Vers une cartographie nationale des risques de corruption

Face à ces constats, l’AFA poursuit son ambition de créer une cartographie nationale des risques de corruption, un projet lancé en 2021. Ce travail, d’abord destiné à un usage grand public, s’inscrit dans un contexte où la perception de la corruption reste préoccupante en France. Selon l’Eurobaromètre Corruption de juillet 2023, 69 % des Français estiment que la corruption est largement répandue dans le pays, et 26 % déclarent y avoir été personnellement confrontés.

Pour objectiver davantage le phénomène, l’AFA cherche à mener un travail de collecte systématique des décisions de justice en la matière, en créant un observatoire des atteintes à la probité. Une étude pilote, portant sur 111 décisions de justice rendues entre 2014 et 2020, montre que la corruption et le trafic d’influence représentent la majorité des affaires, réparties équitablement entre les secteurs public et privé. Les prévenus sont très majoritairement des personnes physiques (91%) de sexe masculin (80 %) et les affaires sont le plus souvent détectées via un dépôt de plainte ou un signalement par une autorité ou un agent public.
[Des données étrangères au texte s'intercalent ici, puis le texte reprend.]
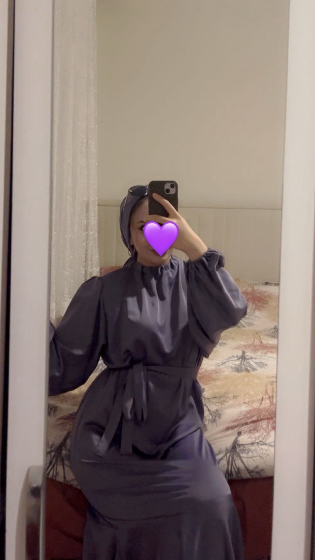 Yüksek yakalı, uzun kollu ve salaş kesimli uzun mor elbise. İpek gibi kumaştan, bağlamalı ve batik desenlidir, günlük şıklık sunar.

Du côté des contrôles, cette ambition d’une cartographie nationale laisse présager une tendance renforcée aux contrôles sectoriels, pour comparer le niveau de conformité d’entités d’un même secteur et relever des bonnes pratiques. Ces contrôles peuvent donner lieu à une amende maximale de 200 000€ pour les personnes physiques et 1 million d’€ pour les personnes morales, ainsi qu’à une injonction à adapter les procédures de conformité et à la diffusion publique de la sanction – une possibilité réactivée depuis le renouvellement de la Commission des sanctions de l’AFA en avril 2023, restée vacante plusieurs mois.

Ce projet devrait être au centre du prochain plan national pluriannuel de lutte contre la corruption dont la préparation a donné lieu à une consultation publique à l’automne 2023.